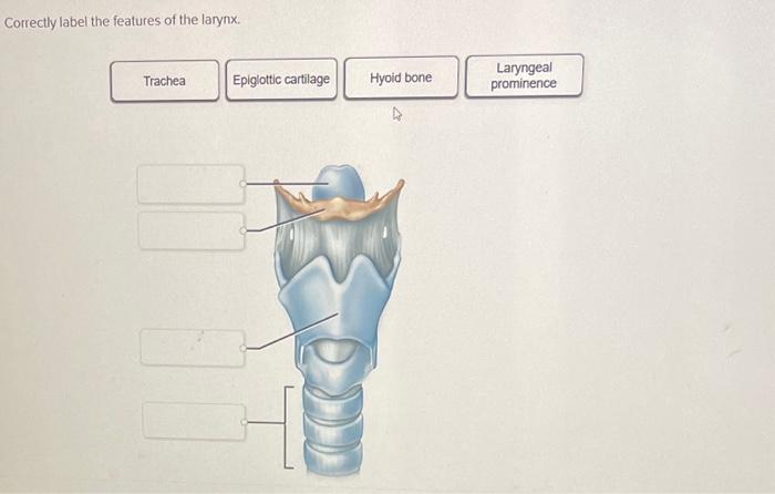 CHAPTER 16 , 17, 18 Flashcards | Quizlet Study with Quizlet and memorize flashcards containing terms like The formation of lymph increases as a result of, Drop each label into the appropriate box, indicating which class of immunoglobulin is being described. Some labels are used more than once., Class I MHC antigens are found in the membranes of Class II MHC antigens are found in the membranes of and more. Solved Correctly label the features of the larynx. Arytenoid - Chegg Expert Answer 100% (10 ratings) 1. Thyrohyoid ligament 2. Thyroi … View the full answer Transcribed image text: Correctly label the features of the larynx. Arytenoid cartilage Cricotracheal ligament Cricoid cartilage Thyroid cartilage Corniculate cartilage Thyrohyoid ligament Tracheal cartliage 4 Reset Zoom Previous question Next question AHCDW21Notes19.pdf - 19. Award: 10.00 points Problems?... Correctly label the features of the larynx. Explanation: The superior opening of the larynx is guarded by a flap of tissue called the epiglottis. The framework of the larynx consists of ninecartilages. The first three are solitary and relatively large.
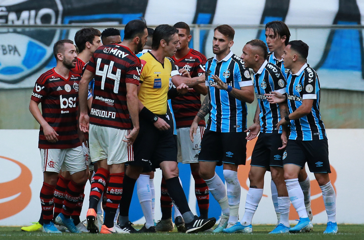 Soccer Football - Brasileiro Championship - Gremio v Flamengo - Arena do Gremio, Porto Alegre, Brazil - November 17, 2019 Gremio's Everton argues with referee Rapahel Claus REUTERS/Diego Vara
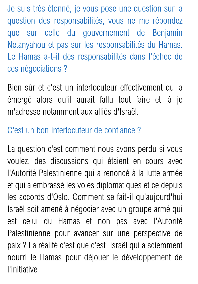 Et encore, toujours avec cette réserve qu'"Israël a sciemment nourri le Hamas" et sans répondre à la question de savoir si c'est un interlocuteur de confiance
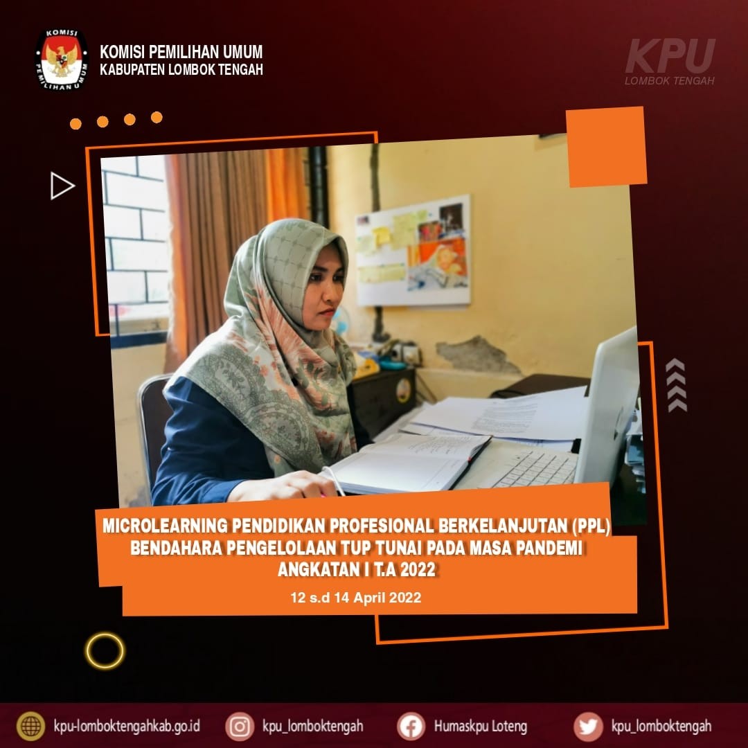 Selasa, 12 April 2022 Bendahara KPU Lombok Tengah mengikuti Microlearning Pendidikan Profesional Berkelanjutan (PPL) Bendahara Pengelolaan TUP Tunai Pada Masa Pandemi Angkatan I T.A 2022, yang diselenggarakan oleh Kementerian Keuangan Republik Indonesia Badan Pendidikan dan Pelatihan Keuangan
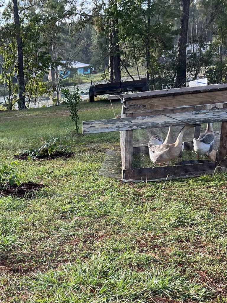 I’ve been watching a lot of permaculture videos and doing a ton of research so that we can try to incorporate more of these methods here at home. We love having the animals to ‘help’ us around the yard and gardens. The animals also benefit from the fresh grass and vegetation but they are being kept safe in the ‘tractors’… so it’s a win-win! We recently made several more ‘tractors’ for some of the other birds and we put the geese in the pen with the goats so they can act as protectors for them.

--

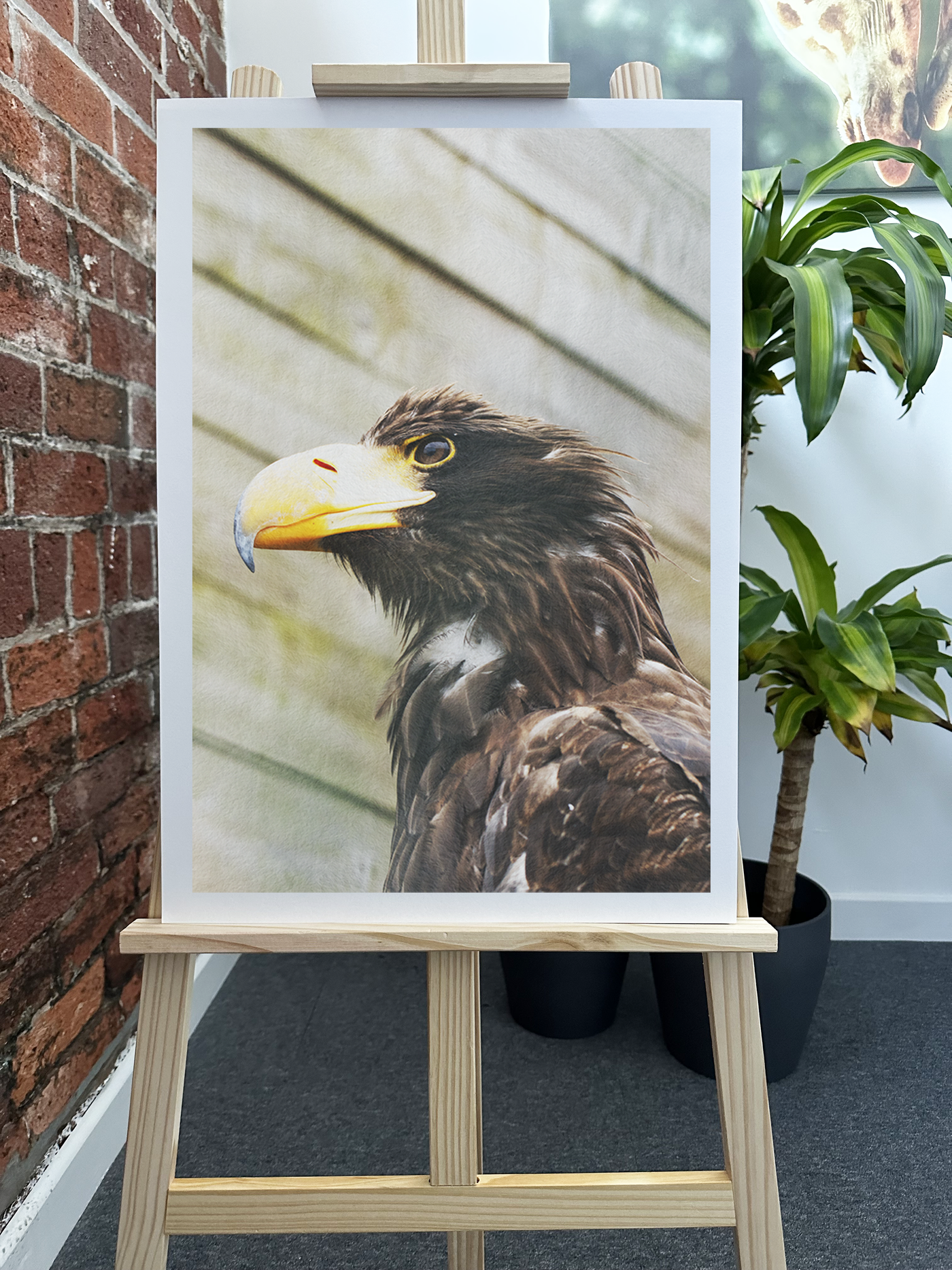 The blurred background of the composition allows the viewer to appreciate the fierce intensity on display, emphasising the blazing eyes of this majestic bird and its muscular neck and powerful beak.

## TASK TO CARRY OUT
After locating "Soccer Football - Brasileiro" and "I’ve been watching" in the records above, return exactly the line holding each one and every line between them; leave out the pictures.

## ANSWER AREA
 Soccer Football - Brasileiro Championship - Gremio v Flamengo - Arena do Gremio, Porto Alegre, Brazil - November 17, 2019 Gremio's Everton argues with referee Rapahel Claus REUTERS/Diego Vara
 Et encore, toujours avec cette réserve qu'"Israël a sciemment nourri le Hamas" et sans répondre à la question de savoir si c'est un interlocuteur de confiance
 Selasa, 12 April 2022 Bendahara KPU Lombok Tengah mengikuti Microlearning Pendidikan Profesional Berkelanjutan (PPL) Bendahara Pengelolaan TUP Tunai Pada Masa Pandemi Angkatan I T.A 2022, yang diselenggarakan oleh Kementerian Keuangan Republik Indonesia Badan Pendidikan dan Pelatihan Keuangan
 I’ve been watching a lot of permaculture videos and doing a ton of research so that we can try to incorporate more of these methods here at home. We love having the animals to ‘help’ us around the yard and gardens. The animals also benefit from the fresh grass and vegetation but they are being kept safe in the ‘tractors’… so it’s a win-win! We recently made several more ‘tractors’ for some of the other birds and we put the geese in the pen with the goats so they can act as protectors for them.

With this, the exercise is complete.